NECO – Esqueça o Edu. Vamos logo pra Casa da Luz Vermelha que as meninas estão esperando.

(Neco e Dirceu saem de cena. Eduardo e Fausto entram e sentam)

FAUSTO – Olha, mas a comida é boa mesmo.

EDUARDO – Aprendi a cozinhar com a minha mãe, modéstia a parte eu sou muito bom nisso.

FAUSTO – Devia lançar um livro de culinária.

EDUARDO (Rindo) – Quem sabe um dia?

(Os dois se levantam)

FAUSTO – Um dia..Como você acha que será o mundo no ano 2000?

EDUARDO – Nossa..2000? Trinta e um anos ainda, muita coisa para acontecer.

FAUSTO – Você é escritor, use sua imaginação.

EDUARDO – Bem..Acho que irão existir carros voadores, iremos viajar para outros mundos, dizem que o homem vai na Lua esse ano, quero ver isso.

FAUSTO – Clair de Lune..

EDUARDO – Cura de doenças, as pessoas vivendo até 150 anos..Não sei, tantas coisas e você?

FAUSTO – Eu espero um mundo com mais paz, respeito, tolerância, menos ódio. Que cada um respeite o pensamento alheio, a opção alheia. Menos fome, miséria, violência..Acho que no ano 2000 será bem melhor que hoje. Sem guerras e mais amor.

EDUARDO – Que assim seja!!

FAUSTO – E em um pais com democracia. Onde as pessoas não morram, sumam ou tenham que se esconder por ter opinião.

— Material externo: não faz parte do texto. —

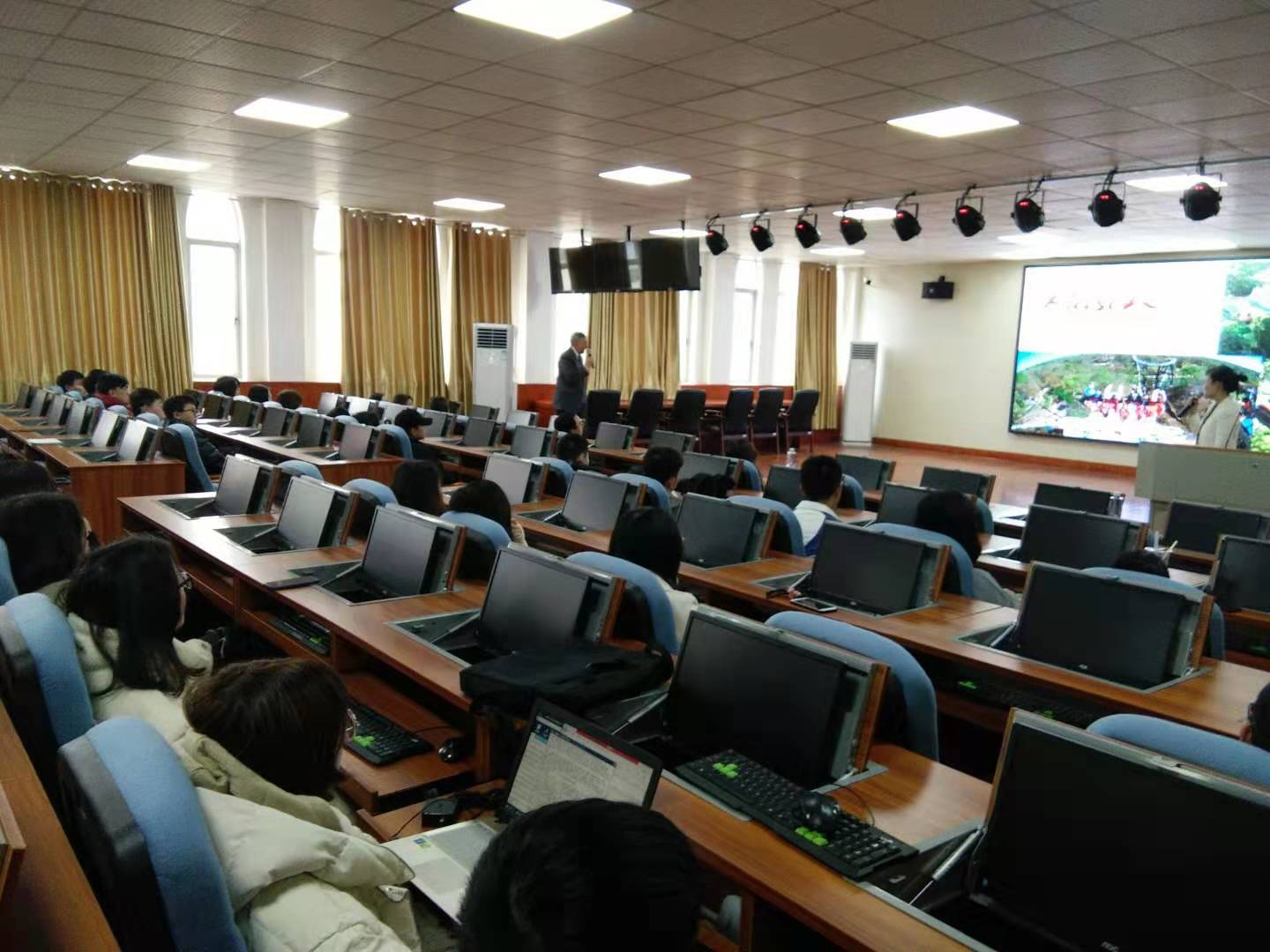 洽谈会后,William A. Becker博士一行莅临学院交流指导,并在明理楼702为我院与经管院共计120余名2016级同学就赴美专业学习与带薪实习项目的意义、岗位设置、课程设置、生活状况、安全保证、福利待遇等事宜进行宣讲、答疑。

EDUARDO No século XXI o diferente com certeza será respeitado.... As pessoas do futuro serão melhores.

FAUSTO – Vamos celebrar o futuro!!

(Pega vinho, serve duas taças e entrega uma a Eduardo)

FAUSTO – Como se vê no ano 2000?

EDUARDO – Escritor famoso, reconhecido, podendo viver do que escrevo. Queria ser feliz.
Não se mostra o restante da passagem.